Vice President, Clinical Development (non-renal) will be the project co-lead responsible for overall clinical, scientific, and strategic oversight for Travere’s rare metabolic development programs and clinical research projects across Phases 1-4. This will include an exciting, high-visibility, Phase 3 program in a rare metabolic disease and may include other therapeutic areas as the company expands its pipeline. This person should be a seasoned leader who can drive programs, key deliverables and execute cross-functionally in a matrix organization. This position will report to the SVP, Clinical Development and Clinical Pharmacology.

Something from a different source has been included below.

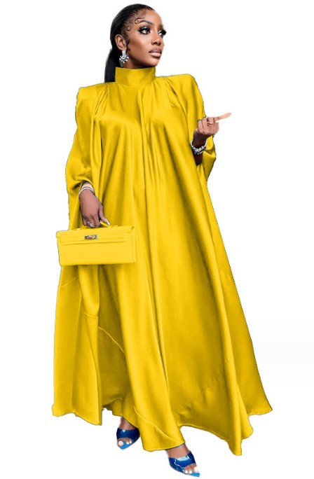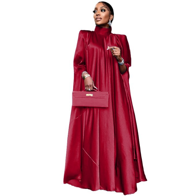 2023 유럽과 미국 대외 무역 동남아시아 여성의 높은 칼라 느슨한 중동 가운 새틴 원피스 유럽과 미국 여성스토어 가기

This accomplished and experienced clinical leader will work collaboratively with all functions including co-leading the development Program Strategy Team (PST) to develop and deliver a clinical development strategy tailored to the disease that is efficient and of high scientific quality. Additional responsibilities include developing relationships with leading key opinion leaders, acting as subject matter expert for additional programs, providing medical support as needed for clinical trials, marketed products, pharmacovigilance, as well as providing medical/scientific expertise as needed for business development efforts.

Responsibilities

• Co-lead for assigned development programs as part of the Program Strategy Team (PST) and represents the program to executive leadership and study team members
• Responsible for effectively communicating program goals, strategies, plans, issues and risks with team members, department heads, review boards, and the executive team
• Deep understanding of working with cross-functional team members to create clinical development plans, timelines, risk tradeoffs including regular engagement/presentations with regulatory agencies is critical
• Responsible for leading the development of protocols and clinical/scientific strategy for Phase 1-4
• Understanding of the development and regulatory strategy (from pre-IND to NDA/BLA) and devices (Human Factor studies) to provide clinical and scientific insights as part of the PST
• Understanding and knowledge of the rare metabolic and genetic disease areas as well as the future landscape and treatment paradigm in order to provide strategic input into future development needs, biometrics analyses, publications, and core presentations
• Partners with Biometrics to plan data entry, analysis, and interpretation for the PST and Medical Affairs colleagues
• Accountable for clinical portions of protocols, investigator brochures, medical reports, efficacy and safety summaries, scientific rationales, and benefit/risk ratios
• Lead and mentor Clinical Development staff, consultants, and vendor medical monitor to foster a high-performance culture within the Clinical Development department
• Proactively establishes and maintains relationships with stakeholders i.e., alliance partners, external companies, investigators, and key opinion leaders
• Attend and present at investigator meetings and site initiation visits as applicable
• Works cross-functionally with medical affairs and prepares manuscripts, posters, and other scientific communications and conducts presentations at scientific meetings
• Understanding of governance and ability to represent the programs and key decisions at cross-functional governance meetings
• Additional duties assigned as needed

Education/Experience Requirements

• M.D. or M.D./Ph.D. degree or equivalent required. Equivalent combination of education and applicable job experience may be considered
• 12+ years of experience in clinical research including the design and execution of clinical trials, preferably within a pharmaceutical or biotech environment although time spent in relevant high caliber academic clinical research will be counted towards the total; 8+ years leadership experience
• Demonstrated ability to lead cross-functional teams in a matrix environment
• Metabolics/genetics and/or rare disease experience and NDA/BLA submissions is strongly preferred

Additional Skills/Experience/Requirements

• The ideal candidate will embody Travere‚Äôs core values: Courage, Community Spirit, Patient Focus and Teamwork
• Driven, intelligent, passionate about making a difference for patients with rare diseases
• Strong interpersonal and organizational skills and excellent verbal and written communication skills
• Experiences with devices and human factors studies preferred
• Ability to work effectively in a multidisciplinary team to cultivate an inclusive environment of respectful, open, and honest dialogue and to foster a robust sharing of ideas and creative problem solving
• Demonstrated ability to review, interpret and present complex scientific data
• Well-organized with the ability to multi-task, prioritize, and manage shifting responsibilities in a dynamic, cross-functional teamwork environment
• Excellent collaboration skills with strong attention to detail and the ability to manage complexity and challenges
• Ability to adapt to modification and changes to project plans, demonstrating flexibility to implement new strategies and tactics to accommodate these changes
• Ability to travel domestically and internationally (up to 25 to 30%)
• All positions have an essential job function to be able to perform face to face work with colleagues and/or onsite in San Diego. No role is expected to be 100% remote.